Gina’s reclined on the sofa, her newly tanned feet on Jim’s knees. There’s two empty bottles of wine and one still on the go.
‘Hey, stranger.’ Gina wipes an actual tear of laughter from her face. I don’t recall ever seeing her laugh like that.
‘How was Le Cane?’ she gives an exaggerated wink.
‘Yeah, great thanks.’ I sound completely unconvincing. ‘How was New York more to the point? Hilarious, obviously.’
The snipeyness comes from somewhere I don’t recognize. Thankfully they’re both far too pissed to notice.
‘Amaazing,’ she gushes.
‘You’ve got to see the pictures,’ says Jim.
‘Me and Michelle want to live there, I’m telling you, best city in the world.’
‘So did you pull?’ I ask, feeling suddenly sickened by New York, by this, by everything. ‘You know me,’ slurs Gina.
‘I’ll take that as a yes, then. And the food? Did you have pancakes, eggs sunny-side-up and all that? You still look skinny.’
‘Amazing, stuffed my face.’ She pokes Jim playfully. ‘But it was nowhere near as good as what I ate tonight.’
‘Oh yeah, how was the dinner, Jim?’
‘OhmiGod,
lush,
’ gushes Gina, totally cutting in.
‘Great, perfect actually,’ confirms Jim, through drunken, half-closed eyes. ‘But we’re a bit pissed, sorry.’ For some reason his apologetic grimace makes me want to punch him, square in the face.
‘You don’t have to apologize,’ I say. ‘Anyway, I’m knackered.
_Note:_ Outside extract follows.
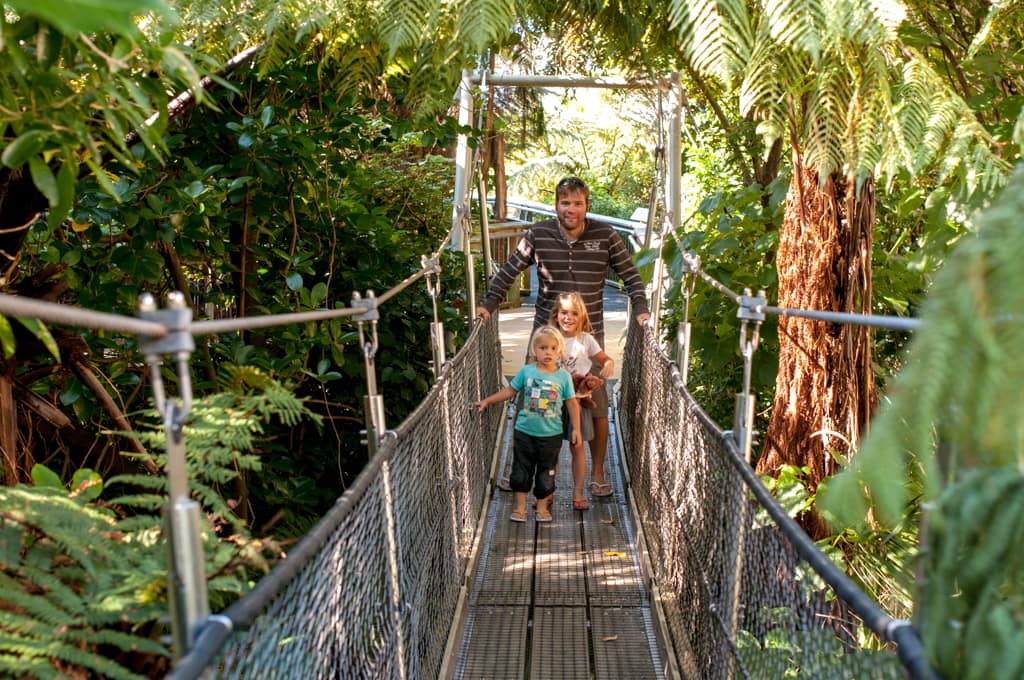 Die Zeitverging rasend schnell im Land, in dem als erstes die Sonne aufgeht… Schon sind wir wieder in Australien gelandet… Die wenigen Tage auf der Nordinsel Neuseelands haben uns sehr gut gefallen und schenkten uns einige Highlights zum Abschluss dieses Trips. Dazu kam das angenehme Sommerwetter, das wir die letzte Woche geniessen durften. Aber nun nochmals der Reihe nach. Die Überfahrt von der Südinsel zur Nordinsel war extrem schön. Anfangs fährt man durch die Fjorde und dank des Nebels gab es ein schönes Naturspiel zwischen Wasser, Berge, Wolken und Sonne. Wellington, die Hauptstadt Neuseelands, begeisterte uns total. Ich würde sagen, es ist die beste Stadt von ganz Ozeanien (mal sehen was Sydney noch zu bieten hat, ansonsten bleibt Wellington meine Nummer eins!). Die Waterfront von Wellington ist einfach genial. Sie verstanden es Modernes mit Traditionellem zu verschmelzen, dazu alles total kinderfreundlich. Es herrscht überhaupt kein Grossstadtfeeling, sondern es treibt ein gemütliches Flair durch Cafés und Läden. Sogar im Undergroundmarket spürte man eine spezielle Stimmung. Die freundlichen Buschauffeure passen ins Stadtbild. Das Te Papa Museum, das gratis besichtigt werden kann, begeisterte die Kinder ebenso wie uns Erwachsenen. Wir gingen zwei Mal ins Museum und schafften trotzdem nur 4 von 6 Etagen zu erforschen. Ich behaupte, jeder könnte in diesem Museum sich eine ganze Woche verweilen. Wir konnten dort z. B. eine riesen Krake bestaunen, uns in einem Haus von einem Erdbeben durchschütteln lassen oder in einem wunderschönen Maori-Versammlungshaus Platz nehmen. Die Kinder krochen durch ein Walherz, spielten in einem Verkäuferliladen aus den 60er Jahren oder spazierten über eine Hängebrücke.

Have a good rest of the night, I’m off to bed.’
I brush my teeth vigorously and spit into the sink. Where the hell did that come from? That feeling, just then? It was like milk turning sour, a curdling of feelings. And I didn’t recognize it, I definitely didn’t like it
.
Downstairs, I can still hear the gentle lull of ‘Coney Island’. I bet Gina went to Coney Island when she was in New York. I bet she’s telling Jim all about it. I walk onto the landing, I hear the lounge door open, hushed laughter in the hallway, the creak of the front
door. Gina’s leaving. I go into my room and watch from the window. Outside the night is black and starless and I can see the smoke from Gina’s cigarette trail behind her as she walks away. My rooms feels cold, I shut the curtains, get straight into bed and turn out the light.
I’m just drifting off when it suddenly occurs to me, the feeling, that feeling, it’s jealousy. I’m
jealous
?! Must be the hormones I think. Just the hormones, messing with your head. Two hours later, I’m still wide awake.